The so-called “one atmosphere modelling approach” is applied over a mesoscale domain and model outputs for gaseous pollutants (NO X and O 3) and for size resolved PM mass concentration (PM10 and PM2.5) are compared to observed data time series at reference sites representative of different locations (urban, suburban and rural sites) throughout the modelling domain. The CAMx model (Comprehensive Air quality Model with eXtensions) was used for simulation over the Po valley air basin with a 10 × 10 km 2 spatial resolution based on emission and meteorological data for the 01/04/2003–31/03/2004 period.

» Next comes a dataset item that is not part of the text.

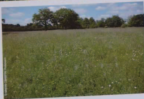
Prairie de fauche

Les prairies de fauche, les prairies humides et les lisières à hautes herbes (mégaphorbiaies), en régression en région Centre en raison de la déprise agricole, présentent une végétation à la flore riche et colorée, haute et diversifiée ainsi que de nombreux insectes ou oiseaux d'intérêt patrimonial.

Model results for speciated PM2.5 mass concentration (including nitrate, sulphate, ammonium, elemental carbon and organic matter) are compared to artefact-corrected data from campaigns performed for the city of Milan and its neighbourhoods. Since model results are not concurrent with the available PM2.5 measurements, bootstrapping technique is applied in order to extract from model results restricted warm-season and cold-season data populations suitable for quantitative comparison with measured data. The model seems able to correctly reproduce the spatial distribution and the local concentration gradients of both PM10 and PM2.5 bulk mass with high concentration levels on the Po valley, increasing around urban areas. However, the comparison with experimental data shows relevant underestimations of PM10 and PM2.5 concentrations, especially at the most polluted urban “hot spots”, where underestimations rise up to 60% of the actual PM levels. Speciated PM2.5 results, still in agreement with local composition gradients, point out that PM mass underestimations essentially derive from a 60% underestimation of organic matter (in both seasons) and sulphate (cold season only) concentrations, whereas a rather good agreement is observed for the other chemical species and especially for the ammonium-nitrate system. Such results suggest to better refine emission inventory data, with particular attention to sources like domestic heating wood burning, and to consider that the fine PM formation mechanism forms condensable gaseous precursors, directly emitted in the atmosphere, whose contribution may account for a large part of the missing PM mass in the cold season.